● Dataset entries:

==============================

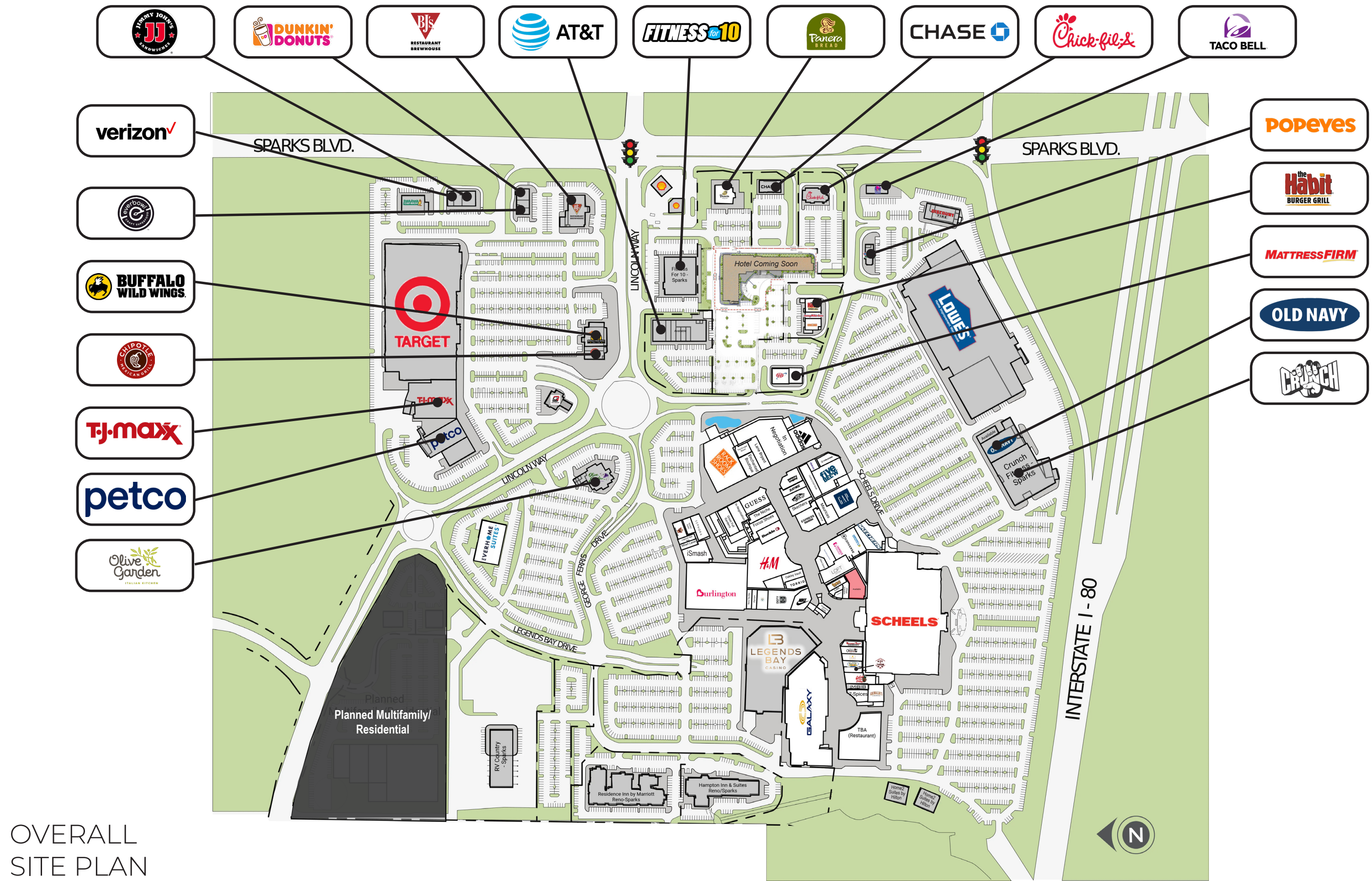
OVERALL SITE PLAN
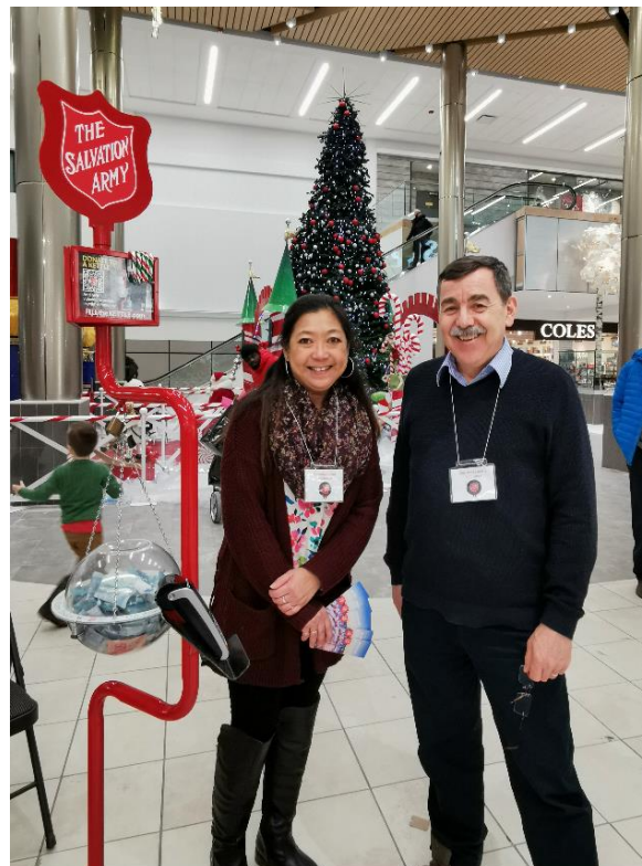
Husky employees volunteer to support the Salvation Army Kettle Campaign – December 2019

==============================

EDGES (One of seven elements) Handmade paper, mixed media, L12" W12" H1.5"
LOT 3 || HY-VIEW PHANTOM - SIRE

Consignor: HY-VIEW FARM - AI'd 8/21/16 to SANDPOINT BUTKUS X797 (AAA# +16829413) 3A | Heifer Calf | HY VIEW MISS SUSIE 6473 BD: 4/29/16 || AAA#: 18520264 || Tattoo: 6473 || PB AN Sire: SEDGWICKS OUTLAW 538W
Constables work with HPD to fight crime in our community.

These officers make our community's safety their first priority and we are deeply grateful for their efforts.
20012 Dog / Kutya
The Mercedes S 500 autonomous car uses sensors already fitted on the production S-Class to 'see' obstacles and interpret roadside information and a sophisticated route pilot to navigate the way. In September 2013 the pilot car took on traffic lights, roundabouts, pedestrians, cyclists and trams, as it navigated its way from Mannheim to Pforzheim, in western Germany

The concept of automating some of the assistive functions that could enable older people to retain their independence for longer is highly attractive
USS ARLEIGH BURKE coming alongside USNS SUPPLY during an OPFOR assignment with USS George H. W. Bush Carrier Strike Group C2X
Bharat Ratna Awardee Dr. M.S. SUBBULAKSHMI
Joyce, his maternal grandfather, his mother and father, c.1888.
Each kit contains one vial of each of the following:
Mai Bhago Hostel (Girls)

==============================

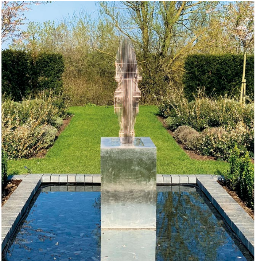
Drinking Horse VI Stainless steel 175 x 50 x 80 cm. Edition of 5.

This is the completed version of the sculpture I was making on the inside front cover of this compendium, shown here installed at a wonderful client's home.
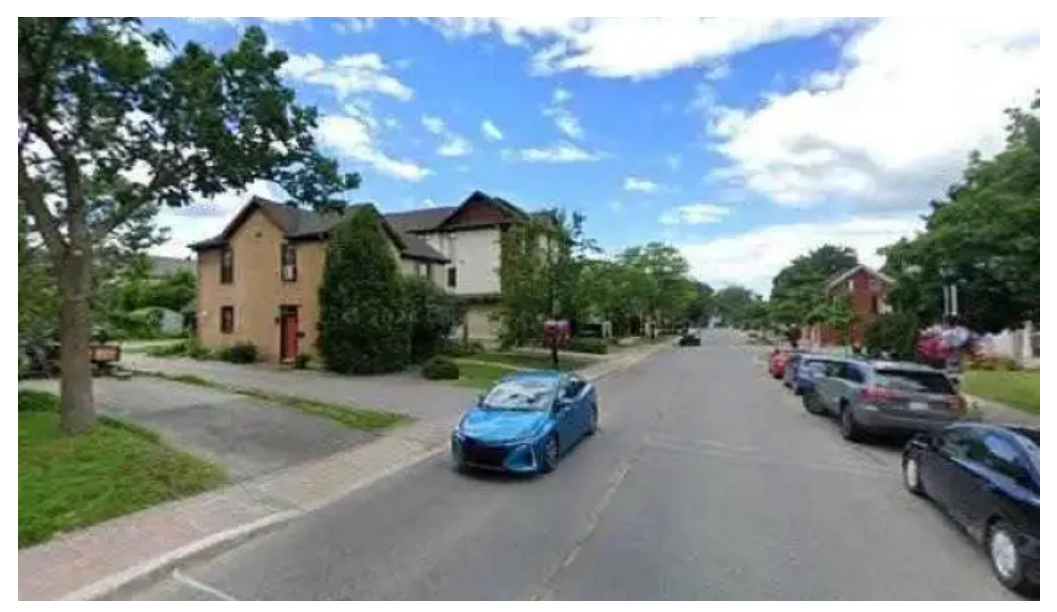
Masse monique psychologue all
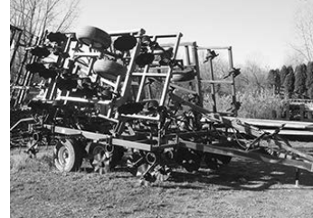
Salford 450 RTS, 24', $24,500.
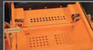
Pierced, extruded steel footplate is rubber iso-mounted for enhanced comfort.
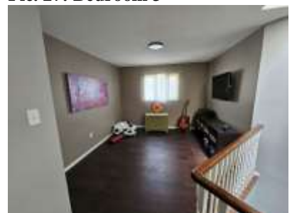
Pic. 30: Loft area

==============================

The response must hold only the lines above from the line with "20012 Dog / Kutya" through the line with "Mai Bhago Hostel (Girls)", each copied exactly, both ends kept.

20012 Dog / Kutya
The Mercedes S 500 autonomous car uses sensors already fitted on the production S-Class to 'see' obstacles and interpret roadside information and a sophisticated route pilot to navigate the way. In September 2013 the pilot car took on traffic lights, roundabouts, pedestrians, cyclists and trams, as it navigated its way from Mannheim to Pforzheim, in western Germany

The concept of automating some of the assistive functions that could enable older people to retain their independence for longer is highly attractive
USS ARLEIGH BURKE coming alongside USNS SUPPLY during an OPFOR assignment with USS George H. W. Bush Carrier Strike Group C2X
Bharat Ratna Awardee Dr. M.S. SUBBULAKSHMI
Joyce, his maternal grandfather, his mother and father, c.1888.
Each kit contains one vial of each of the following:
Mai Bhago Hostel (Girls)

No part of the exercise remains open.